Exhibit at Los Angeles church offers personal look at AIDS orphans in Africa
Visitors to the traveling World Vision display walk through a replica of an African village, view four children's pictures and listen on headsets to their harrowing tales.
It is a chilling statistic: 12 million children in sub-Saharan Africa have been orphaned by AIDS.
But the figure alone cannot begin to convey the toll of a pandemic that continues to punish vast swaths of the continent. For that, consider the stories of four children featured in an interactive exhibit -- "World Vision Experience: AIDS" -- at Holman United Methodist Church in Los Angeles.
Visitors, walking through a replica of an African village, view the children's pictures and listen on headsets to their harrowing tales.
There is 14-year-old Babirye of Uganda. The HIV-positive girl watches her father die and her mother grow weak from the disease, all along wondering if she could be next.
And Mathabo, an 11-year-old girl who faces hunger and danger alone in the highlands of Lesotho.
Twelve-year-old Kombo, who is also HIV-positive, lives with his grandmother at a truck stop along the "AIDS Highway" in Kenya. He is frightened not only by the "big trucks" but also by "the big disease."
And then there is Emmanuel of Uganda who, with his 11-year-old brother, Fred, must bury their mother in a banana grove and fend for themselves in the wild after heavy rains destroy their flimsy hut.
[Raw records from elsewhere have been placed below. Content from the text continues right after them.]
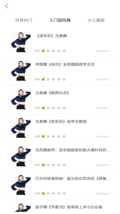 3、根据自身舞蹈基础,选择合适的课程内容,点击进入查看详细的教学视频与讲解。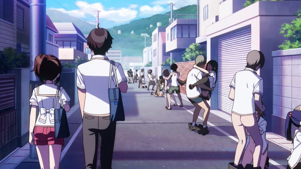Notre héros Junnosuke retourne sur cette île où il a vécu enfant, en compagnie de sa jeune sœur. Ils vont vivre dans la maison de leurs grands parents décédés et découvrir les us et coutumes de cette île où le sexe est permis à tout endroit et tout moment de la journée. L’anime y va donc à fond en contournant la censure habituelle autant que possible en montrant des scènes de cul sans aucun sens (genre les étudiants baisent après la fin des cours dans les salles de classe) comme si on était dans un mauvais hentai mais légal. Parce qu’il s’agit de ça bien évidemment.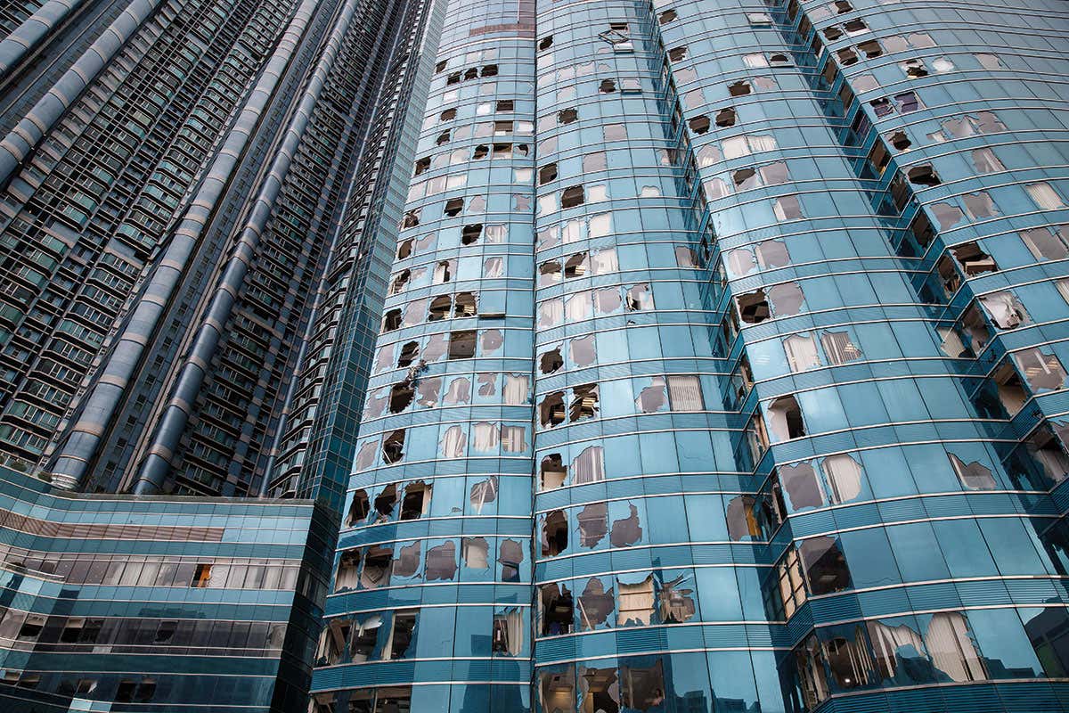 On the same day on the other side of the world, Typhoon Mangkhut began tearing through the Philippines. Marines can be seen here repairing their makeshift barracks in Cagayan, towards the northernmost tip of the country (bottom). Guandong province in southern China was also hit over the weekend – the pedestrians shown here are struggling against the wind and rain in the city of Shenzhen (top photograph). In Hong Kong, the windows were blown out from One Harbourfront, a major commercial building (below).

He is 6.
Emmanuel, sleeping in the same banana grove where his mother is buried, fears the wild animals all around. Most of all, he dreads the thought of dying from the same disease that claimed both his parents.
"Fred and I have suffered so long," Emmanuel says through the headsets. "What will happen to me if I'm HIV-positive? . . . Oh God, take care of us."
The free exhibit was created by World Vision, a Christian humanitarian organization that provides assistance to children and families in 100 countries. World Vision officials, quoting United Nations statistics, said 90% of children worldwide who have AIDS live in sub-Saharan Africa.
Visitors say they leave the exhibit feeling somber and alarmed by the impact of AIDS on its most vulnerable victims.
"I'm amazed. You actually see how they live," said Julia Persaud, 78, a Holman member, after she took the tour this week. "There's so much HIV. Hopefully there will be a cure."
The exhibit is on display at Holman church, in the West Adams district, through Monday. It will be at Calvary Community Church in Westlake Village from Friday to Aug. 26 and at New Life Christian Center in Turlock, Calif., Sept. 18-23.